Spark 2.3.0 Usage - MaxCompute - Alibaba Cloud Documentation Center

This topic describes the configuration required to use Spark 2.3.0.

Important

Use Spark 3 or later.

Submit Tasks

When you submit tasks using the Spark client, add the following parameters to specify the version. You can download the client.
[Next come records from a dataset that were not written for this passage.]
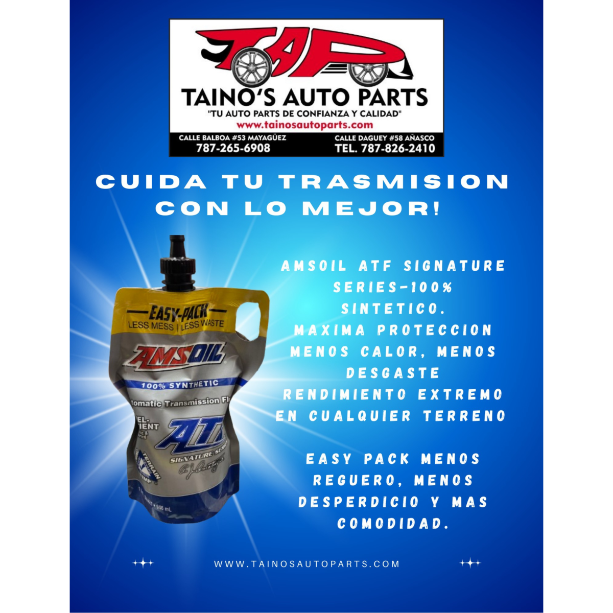 En Taino's Auto Parts, estamos comprometidos a brindar un servicio al cliente excepcional. Nuestro equipo está disponible las 8 horas del día, los 6 días de la semana para responder sus preguntas, brindarle asesoramiento experto y garantizar que tenga una experiencia de compra fluida y sin estrés.
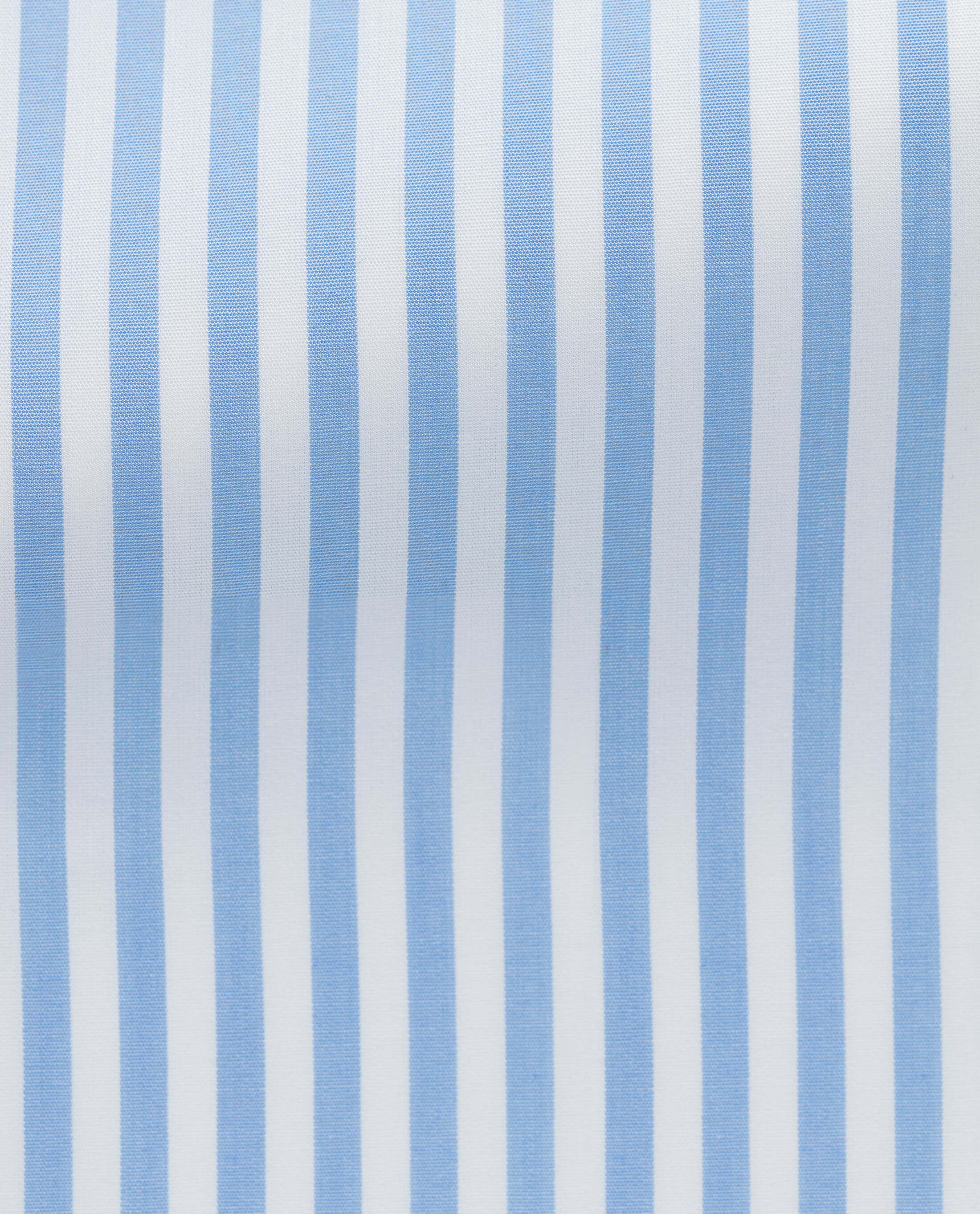 White cotton poplin with l.blue bengal stripe with soft handfeel, made of fine single yarns. Perfect for business.
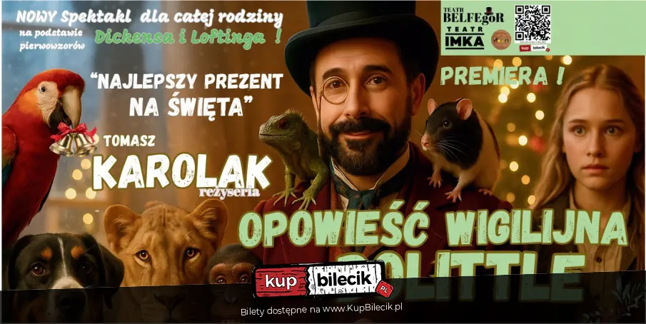 "Opowieść Wigilijna Dr Dolittle" to pełna emocji, humoru i muzyki historia o przyjaźni, odkupieniu i mocy świątecznego dobra - tym razem z udziałem żywych zwierząt! W magicznej atmosferze Bożego Narodzenia Dr Dolittle spotka ducha dawnych świąt i odkryje, że nawet najmniejsze stworzenie może odmienić świat.
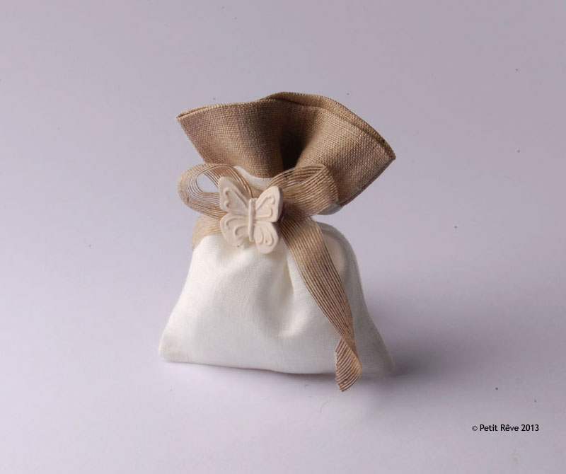 Sacchetto in lino bicolor con nastro in lino, decorazione farfalla in gesso profumato "Mathilde M.", linea "Cannes", 5 confetti multigusto marca "Papa - Dolceamaro".
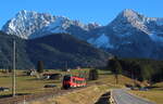Oberhalb von Garmisch Partenkirchen war von dem Nebel nicht mehr zu sehen. 2442 207 war derweil als RB6/S6 (Innsbruck - Garmisch Partenkirchen) unterwegs. Klais, 20. November 2021 (zum Bild)
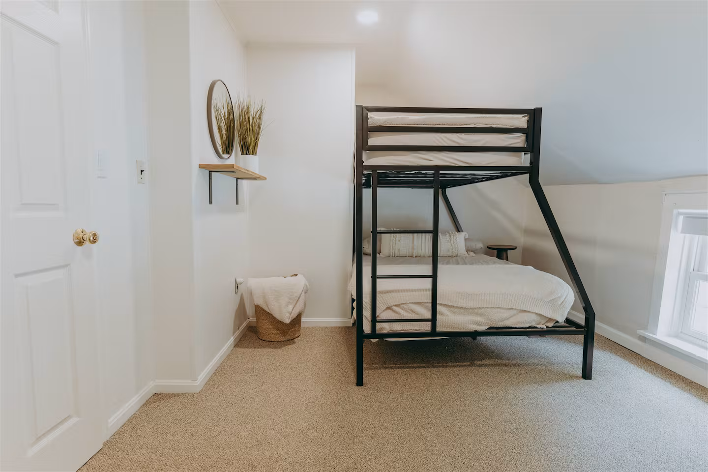 Twin Bed | The Sleepover Room Shared Bathroom May 15–17 | $1,270 (All-Inclusive) Early Bird: $1,170 (Save $100) Early bird pricing ends April 2 This is the most communal and playful room of the retreat — perfect for mothers who value togetherness, shared experience, and the fun of a grown-up sleepover. Designed for connection over privacy, this room celebrates the magic that happens when rest is shared. The Sleepover Room sleeps three mothers total and includes a queen bottom bunk, a twin top bunk, and a separate twin bed. Each bed is booked individually, and all guests in this room enjoy the same full retreat experience as every other participant. This booking is for the separate twin bed in a shared room that sleeps three mothers. The room also includes a queen bottom bunk and a twin top bunk, occupied by other guests. This twin bed offers a bit more ease than the bunk while still embracing the shared nature of the room. It’s a great option for mothers who want strong connection, shared presence, and a cozy place to rest. Your stay includes the entire Mother’s Retreat experience, including: Gentle yoga and embodied rest practices One restorative massage All meals and snacks prepared with care Mother’s circles and facilitated group time Journaling and creative exploration Farm walks and outdoor time Fire pit evenings Generous, unstructured rest time This room is often where friendships deepen quickly — through shared mornings, late-night conversations, and the reminder that rest doesn’t have to happen alone.

# Enable kube mode and event log
spark.hadoop.odps.kube.mode=true
spark.hadoop.odps.cupid.data.proxy.enable=true
spark.hadoop.odps.cupid.fuxi.shuffle.enable=true
spark.hadoop.odps.spark.version=spark-2.3.0-odps0.47.0
spark.hadoop.odps.spark.libs.public.enable=true
spark.eventLog.enabled=true
spark.eventLog.dir=/workdir/eventlog/

# Read and write MaxCompute
spark.sql.catalogImplementation=odps

When you submit tasks using a DataWorks node, select Spark 2.x and add the following parameters to specify the version.
```
spark.hadoop.odps.spark.version=spark-2.3.0-odps0.47.0
```

Parameter Settings

Parameter Name	Value	Description
`spark.sql.catalogImplementation`	`odps`
`spark.hadoop.odps.cupid.vectorization.enable`	Set to `true`.	When set to true, batch read/write optimization is used.
`spark.hadoop.odps.input.split.size`	Default value is `256`.	This parameter adjusts the concurrency for reading MaxCompute tables. Each partition defaults to 256 MB.